En la mesa nadie paga a crédito. El comensal liquida antes de salir por la puerta, con tarjeta o en efectivo, y para la mayoría de los hosteleros ahí termina por completo el asunto de los "plazos de pago". Pero en cuanto sale una factura — a un cliente de catering, a una empresa que reservó una cena de personal, a un organizador de eventos — el negocio deja de ser una caja y pasa a ser acreedor. Y en cuanto entra una factura del frutero, de la lavandería o del distribuidor de bebidas, ese mismo negocio es deudor.
Los dos lados están regulados por la misma norma europea, y esa norma tiene cifras duras: un plazo por defecto cuando no se ha pactado nada, un techo absoluto en varios Estados miembros, un interés automático que empieza a correr sin que nadie tenga que mandar una carta, y una indemnización fija de 40 € por factura impagada que prácticamente nadie en hostelería ha reclamado jamás.
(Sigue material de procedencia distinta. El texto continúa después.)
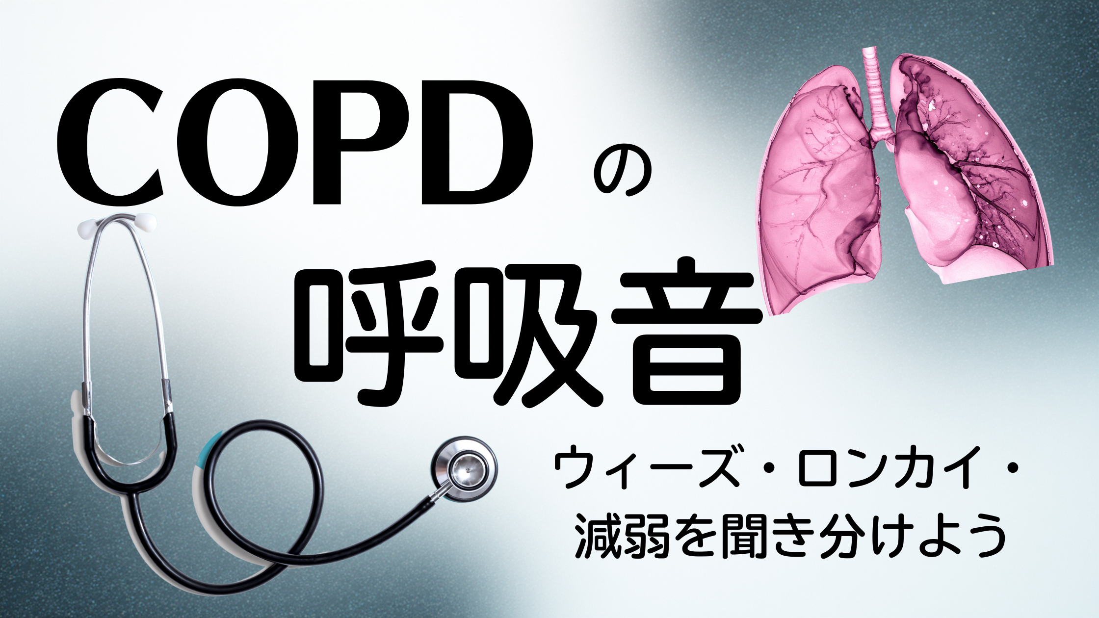 COPD(慢性閉塞性肺疾患)では、気道が狭くなったり痰が貯留することで、特徴的な呼吸音が聴こえます。

gestion-flujo-caja-restaurante.html ya trata el plazo de pago como una palanca — negociar 7, 30 o 45 días para comprar aire — y negociar-proveedores-restaurante.html da la táctica para esa conversación. Ninguno de los dos dice qué permite la ley cuando esa conversación no llega a ningún sitio, ni qué te deben cuando la factura que se paga tarde es la tuya.
Este artículo cubre ese hueco: siete cifras, cada una con su fuente, que juntas marcan el suelo y el techo de cualquier plazo de pago que firme un negocio hostelero — como deudor y como acreedor.
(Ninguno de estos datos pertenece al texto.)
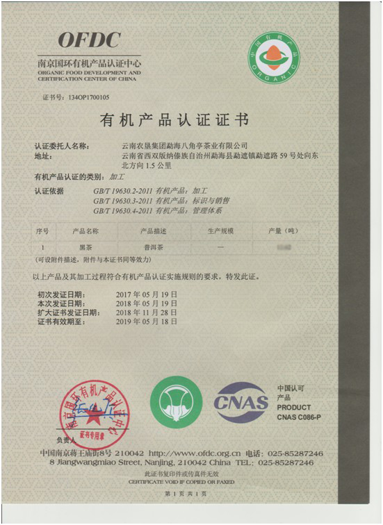 云墾茶業(yè)集團(tuán)下屬茶葉生產(chǎn)企業(yè)——云南農(nóng)墾集團(tuán)勐海八角亭茶業(yè)有限公司原名黎明茶廠,是我國歷史最為悠久的茶企之一,曾位列“中國普洱茶十大知名品牌”“十大最受歡迎茶葉品牌”、“中國普洱茶十大暢銷品牌”中,成為今天市場上最有影響力的品牌之一。公司產(chǎn)品獲得“綠色食品”、ISO9001、 HACCP和云茶品牌(YC)4項(xiàng)認(rèn)證,連續(xù)獲得“云南名牌農(nóng)產(chǎn)品”“云南名牌產(chǎn)品”“云南省著名商標(biāo)”等品牌榮譽(yù),公司生產(chǎn)的多款普洱茶在歷次專業(yè)評比中多次獲得特等金獎和金獎。在2018第五屆中國企業(yè)五星品牌論壇上,云南農(nóng)墾集團(tuán)勐海八角亭茶業(yè)有限公司上榜中國普洱茶行業(yè)影響力品牌——“金芽獎”,公司負(fù)責(zé)人陳勝軍先生獲“陸羽獎”,被授予2017“國際十大杰出茶人”榮譽(yù)稱號。

Por qué esto tiene dos caras, no una
La mayoría de los hosteleros lee "plazo de pago" y piensa solo en el proveedor que le hace esperar. Eso es la mitad de la historia. Cualquier negocio que haga catering, facture una comida de empresa o cobre una comunión o una cena de personal mediante factura en lugar de en la mesa es, en ese momento, el acreedor — con exactamente los mismos derechos que la ley da a un proveedor frente a él.
Por eso enlaza aquí gestion-eventos-reservas-grupo.html: cada factura de grupo que sale por la puerta está sujeta a las mismas reglas que la que entra. Quien solo conoce el lado del deudor deja sobre la mesa lo que la ley ya le concede como acreedor — intereses y una indemnización fija, de forma automática y sin necesidad de reclamación previa.
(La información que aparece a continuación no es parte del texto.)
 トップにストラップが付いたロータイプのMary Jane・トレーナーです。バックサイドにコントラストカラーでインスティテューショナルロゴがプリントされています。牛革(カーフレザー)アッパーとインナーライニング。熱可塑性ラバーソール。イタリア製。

Las cifras que siguen se leen en las dos direcciones: como techo de lo que un proveedor puede exigirte y como derecho sobre lo que te debe un cliente que paga tarde. Misma ley, dos lados, y más abajo una calculadora que hace los dos.
Guía La guía financiera completa Todos los artículos sobre flujo de caja, costes y las cifras de la hostelería, en un solo sitio. Ver la guíaLas 7 cifras
En el orden en que una factura vencida se va acumulando de verdad: desde el punto de partida que todo el mundo da por hecho, pasando por el techo duro que pocos conocen, hasta el año en que murió la única cifra europea común.
1. 30 días — el punto de partida por defecto de la UE
La Directiva 2011/7/UE, transpuesta a la legislación de todos los Estados miembros, fija el suelo: si el contrato no dice nada sobre el plazo de pago, ese plazo es de 30 días naturales desde la fecha de la factura o desde la entrega del bien o del servicio — lo que ocurra más tarde. Vale en toda la UE, para cualquier operación B2B, sea cual sea el tamaño de la empresa.
Treinta días no son, por tanto, "el plazo habitual" ni una costumbre del sector: son el plazo legal supletorio que se aplica automáticamente en cuanto un proveedor o un cliente no ha dejado nada por escrito. En una factura de 2550 € sin plazo pactado en ninguna parte, el día 31 es el día en que empiezan a correr los intereses de demora, se hubiera dicho lo que se hubiera dicho de palabra.
2. 60 días — Bélgica cierra la puerta de atrás del todo
Desde el 1 de febrero de 2022, un contrato B2B en Bélgica no puede fijar un plazo de pago superior a 60 días naturales — para cualquier empresa, del autónomo al grupo cotizado. Una cláusula que prometa más no se "anula ante un juez": la ley la tiene por no escrita, y la factura vuelve automáticamente al plazo por defecto de 30 días.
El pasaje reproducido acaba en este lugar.